# Borderlands 2 Officially Announced By Gearbox Software



## Ares (Nov 23, 2009)

*Borderlands 2 Officially Announced By Gearbox Software*










After a rumor appeared yesterday saying that_ Borderlands 2_ was in development, 2K Games have now officially announced that the game is in development by Gearbox Software.

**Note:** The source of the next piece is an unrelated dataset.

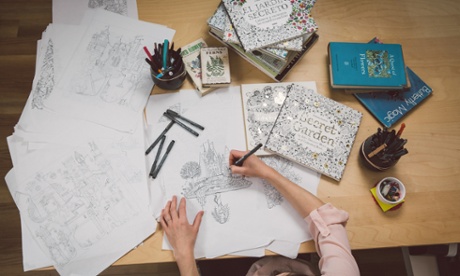 Illustrator Johanna Basford with her Amazon bestselling colouring book, Secret Garden. Photograph: Johanna Basford and Lawrence King

Few details have been revealed, with the announcement saying that “_Borderlands 2_ features all new characters, skills, environments, enemies, weapons and equipment, which come together in an ambitiously crafted story.”
Continuing:_Players will reveal secrets, and escalate mysteries of the Borderlands universe as they adventure across the unexplored new areas of Pandora._​A new website, borderlands2.com, has launched which is currently rather bare, but we’ll keep an eye out to see whether anything new is added. A full reveal is set for gamescom from August 17 – August 21, but the next issue of GameInformer will also have new details.
_
Borderlands 2_ will release on PS3, 360 and PC during Take-Two’s fiscal year 2013 beginning on April 1st, 2012. As yesterday’s rumor asserted that it would release next year, a 2012 debut seems likely

Source: PSLS


----------



## GeemanSeven (Jun 29, 2011)

Outstanding! I was hoping they'd make a sequel.


----------